The man recoiled more from the words than the tone. Neo had seen him often enough over the last days to know exactly what sort of parasite he was. One of those people who waited for everyone else to build the bridge first and only complained when it shook beneath their feet.
He released the healer with a curse and threw a punch with his good hand.
Neo was ready for it.
Gravebite shifted in his grip, and he drove the hilt into the man’s liver with compact, brutal force. The bastard folded instantly, dropped to one knee, and spat onto the floor while trying to pull air back into himself.
"Behave," Neo said coldly. "There are more than fifty of us here. If you become dead weight on purpose, we can let the tower sort you out."
Byron arrived a breath later and moved past Neo to check the healer, who was coughing and trying to steady himself. The man on the floor had already started muttering under his breath, half to himself, half to whatever fear had finally swallowed him whole.
"I don’t want to die... I don’t want to die..."
That part, at least, Neo understood.
Nothing about any of this had been normal. The Breach had closed behind them. Weeks had passed. Hope had narrowed into a tower and a staircase. Every person there had already understood, one way or another, that if things truly broke, their own life would suddenly feel far more precious than anyone else’s.
The gray-haired boy chose that moment to make himself heard again from the stairs.
"WE’RE NOT WAITING FOR ANYONE! THE THIRD FLOOR IS WORSE WITH THIS MANY PEOPLE, SO FOCUS!"
Neo turned toward Snot and the others.
"I don’t like this."
Max raised his shield again. "Stay close."
Alice gave a small nod, timid as ever, though there was decision carved into her face now. Marika nodded once as well. Snot rolled one shoulder and adjusted his daggers, the easy humor from earlier replaced by something leaner.
They started climbing.
The stairs curved up from the wreck of the second floor, carrying the whole battered mass into the next level with far less confidence than they had brought in at the start.
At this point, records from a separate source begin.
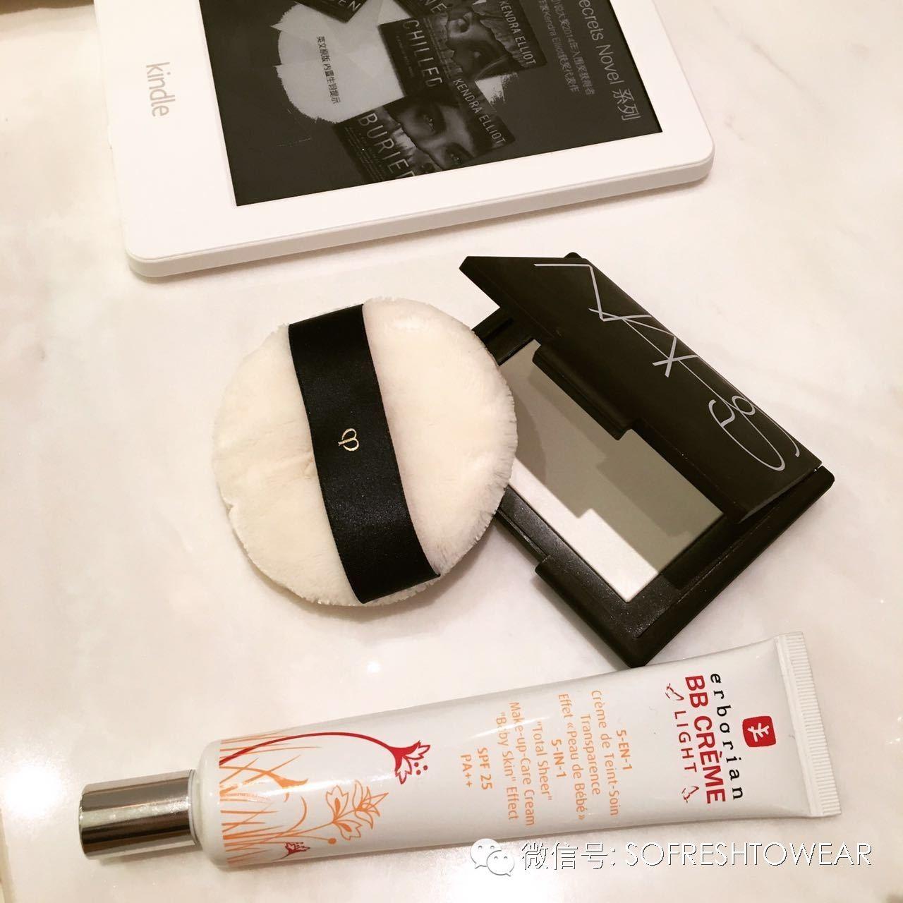 1.nars散粉餅搭配cpb粉撲,無色定妝散粉,略帶小小珠光,控油且增強(qiáng)持妝,素顏時候容易出油嚴(yán)重也會涂一點,果立竿見影;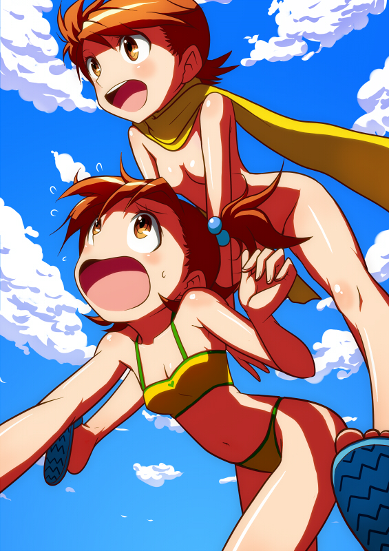00s2girlsbikiniflip-flopsflipped hairjumpingmultiple girlsnaked scarfnudeopen mouthsandalsscarfsiblingssistersswimsuittwins
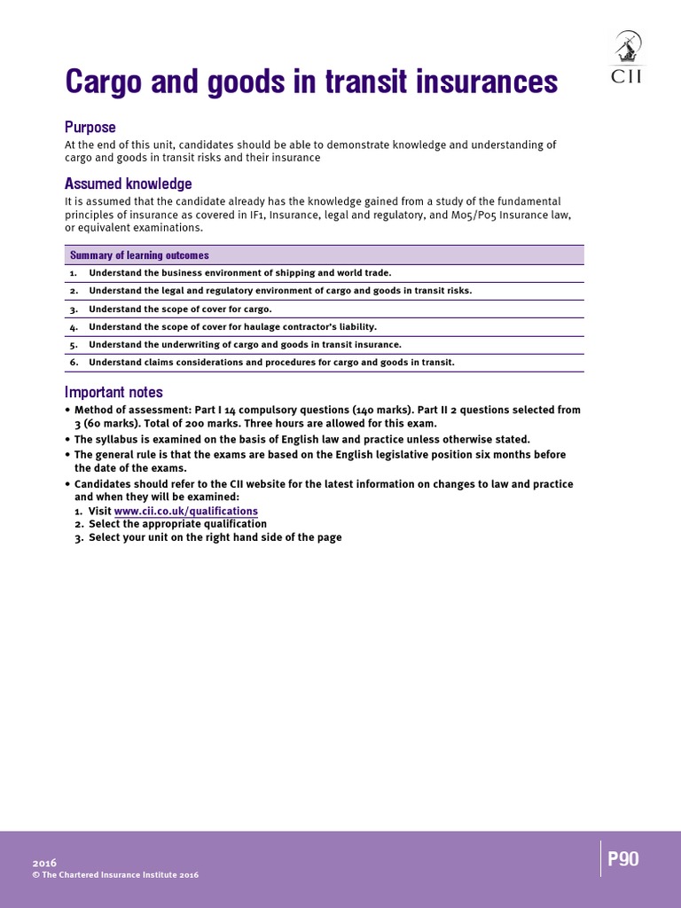 P90 Cargo And Goods In Transit Insurances Pdf Free Download

People who had never climbed this high before felt it immediately. The air changed. The tower changed. Even the silence above them had a different texture, as if it were listening.
The third floor opened wide around them in tiers.
White stone rose and broke into balconies, platforms, suspended walkways, shattered edges, and exposed levels stacked one above another. It looked less like a floor and more like the inner bones of some dead structure folded into the tower’s body. On those balconies stood the Ragged Duelists.
Humanoid Soul Beasts with worn gray skin, ragged cloth hanging off them like the remains of old beggars, dented shields, spears, axes, and serrated swords. Some waited near the black orbs embedded into the architecture of the floor. Others stood motionless against pillars or railings like corpses left upright out of spite.
And above them, around them, in the cracks and across the walls, more spiders.
The floor heard them coming.
One Ragged Duelist moved first, drawn by the noise of more than fifty people climbing into its hall. Another followed. Across the balconies, shapes began turning toward the sound, slow at first, until that dead reluctance vanished and the whole level woke at once.
What happened next made even the people in front hesitate.
The Ragged Duelists did not climb down.
They walked straight off the balconies.
Not with the stiffness of ordinary bodies either. They dropped in loose, horrible folds, as if someone had ripped the bones out of them before pushing them over the edge. Those falling from the highest levels hit the lower stone with enough force to break apart completely. Their Soul Cores surfaced among the wreckage.
Others hit, bent in impossible ways, and rose with weapons already in hand.
The third floor had answered the noise.